EXERCISE DIRECTIONS ▸
Below is a listing with pictures in it. Copy it exactly without them.

STORED DATA ▸
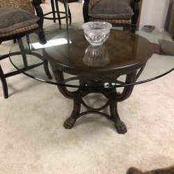 High end glass table with ornate claw base and Legs . Comes With 2 Stools and cushions ! $100Hanover Park, IL
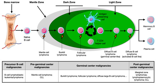 - Basso, K.; Dalla-Favera, R. Germinal centres and B cell lymphomagenesis. Nat. Rev. Immunol. 2015, 15, 172. [Google Scholar] [PubMed]
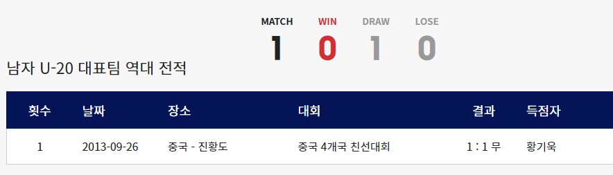 한국 vs 일본 남자 U-20 축구 국가대표팀 역대 전적 : 1전 1무

ANSWER SPACE ▸
 High end glass table with ornate claw base and Legs . Comes With 2 Stools and cushions ! $100Hanover Park, IL
 - Basso, K.; Dalla-Favera, R. Germinal centres and B cell lymphomagenesis. Nat. Rev. Immunol. 2015, 15, 172. [Google Scholar] [PubMed]
 한국 vs 일본 남자 U-20 축구 국가대표팀 역대 전적 : 1전 1무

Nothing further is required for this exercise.